To understand the merits of specific gas detection equipment, several parameters must be
tested. These factors include response time, environmental conditions, affects of temperature,
accuracy and sensitivity to potential interfering substances, recovery time, failure indication,
stability (drift) and repeatability over time. Test conditions must simulate the real world;
therefore the test conditions must simulate the working environment (temperature and
humidity). Supplies and materials must be selected accordingly.
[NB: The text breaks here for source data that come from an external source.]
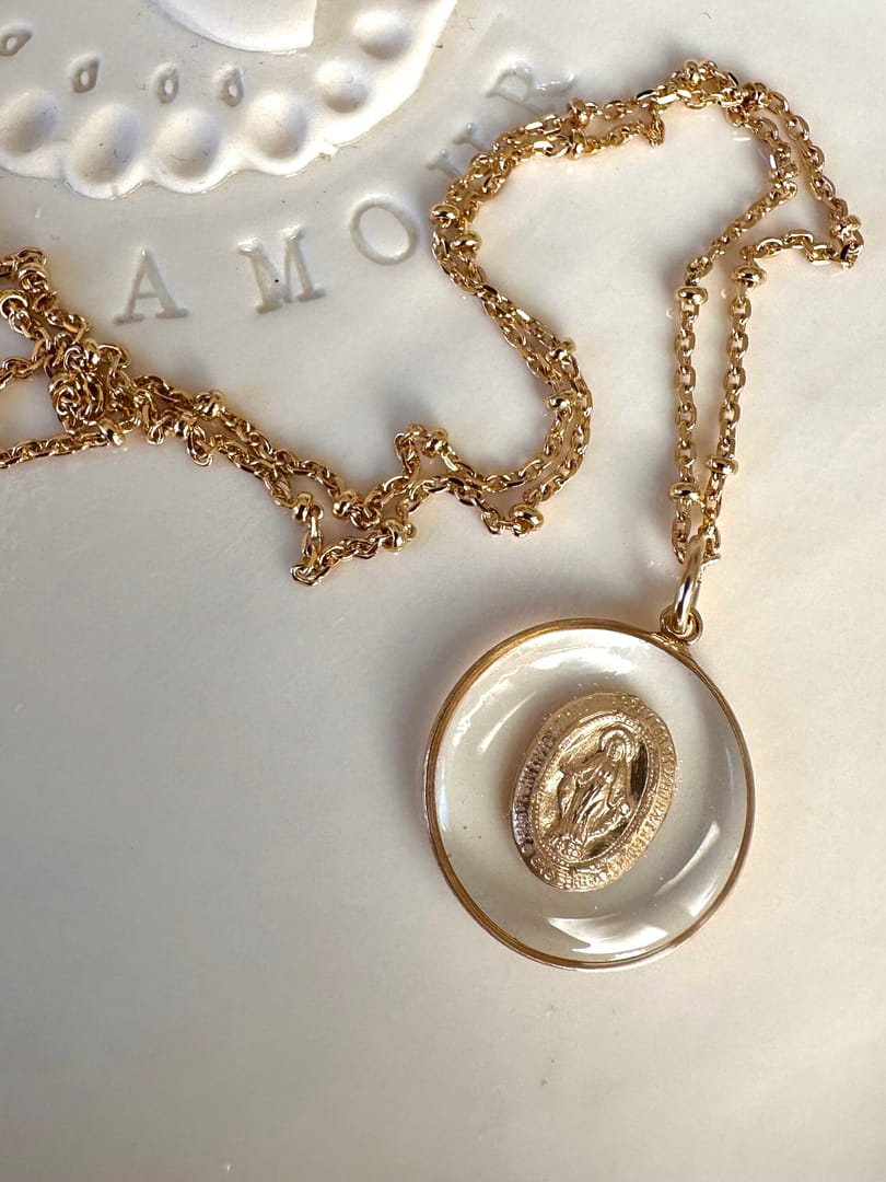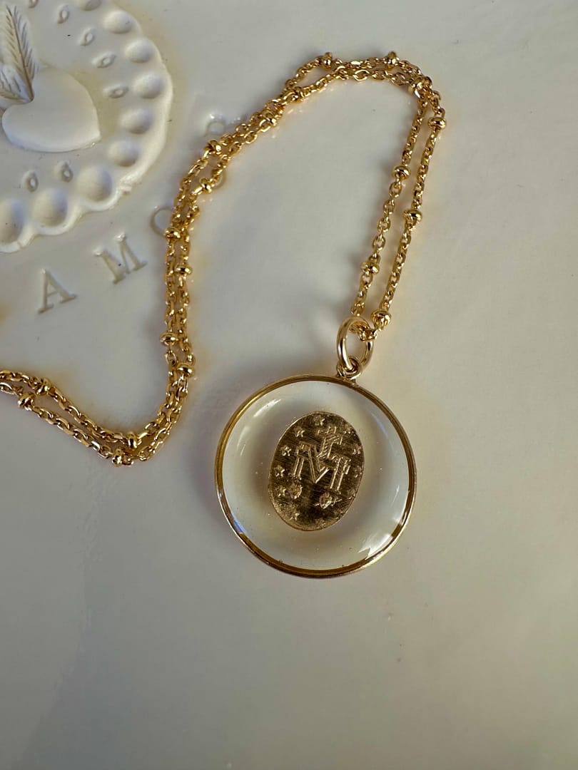 La traditionnelle vierge miraculeuse dans une Breloquines ! Enfermée dans une bulle de résine transparente elle garde son recto-verso et toute sa singularité.
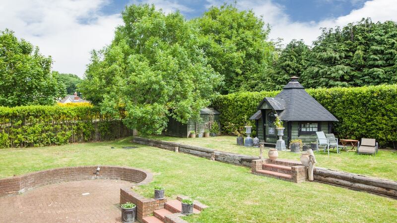 Located on a corner site, though not overly large given the size of the house, the rear garden is laid out with a tiered lawn and three sheds, one of which was a sauna room for O’Riordan and Burton. The wraparound garden, which is completely private, would benefit from further planting and the use of weed killer in places.
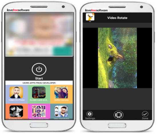 Video Rotate is a free Android app specifically designed to rotate videos. Just as in the previous app on my list, you can rotate a video by 90, 180, 270, or 360 degrees and save on your phone or share with your friends. One of the unique features of this app is that you can select a video duration to rotate it. By default, the app will process the first 15 seconds of the selected/imported video to rotate it. You can change this video duration to 30, 45 seconds, 1, 2, 3 minutes, and original to rotate the complete video. You can select a video from the Gallery to import. It then opens the video in its editing interface, as shown in the screenshot above. Now, all you have to do is tap on the Rotate button and see the rotated video thumbnail. To change the video duration to process and rotate, tap on the Settings button and then select the video duration. At last, tap on the Done button to rotate the video and see its preview. You can play the preview to see if the video has been rotated as per specified parameters or not. If not, then you can go back to the previous step and specify video rotation parameters again. If the video has been correctly rotated, then tap on the Done button to either save it to your device or share it on Facebook.
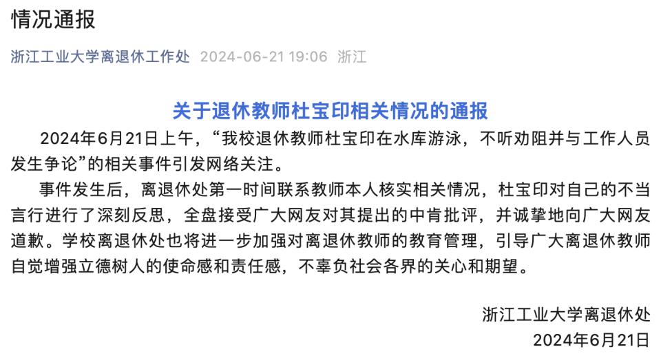6月21日,浙江工业大学离退休处发布通报称,“我校退休教师杜宝印在水库游泳,不听劝阻并与工作人员发生争论”的相关事件引发网络关注。
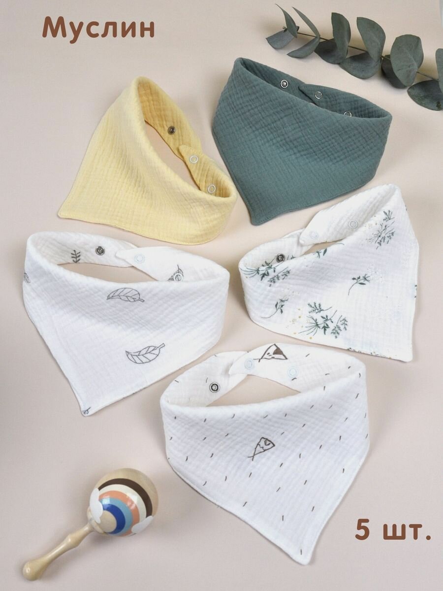 Купить Комплект детских слюнявчиков из муслина уголком Bebo, для кормления новорожденных, one size, набор из 5 шт

The gases utilized may be very toxic. It is therefore essential that a thoroughly trained
safety engineer or industrial hygienist be responsible for the generation of these gases
and that the gas is generated in a well-ventilated area and exhausted safely.
Equipment and Test Gas
1. Zero Air for zero calibration
In applications where the ambient air is normally containing a low level of target gas,
some sensors may require zero calibration with “clean air”.
a. Compressed air
(Filtered through activated charcoal to remove most of unwanted gases and water
vapor)
b. Zero Air in Lecture bottle
2. Span Gas for Bump Test and Calibration
To achieve the best accuracy, a mixture of the target gas balanced in the background
environmental air is the best calibration gas. However, it usually requires that the
operators be more skilled, with precise equipment and reference standard method to
analyze the gas concentration. The following are recommended methods of gas setup
for bump and calibration.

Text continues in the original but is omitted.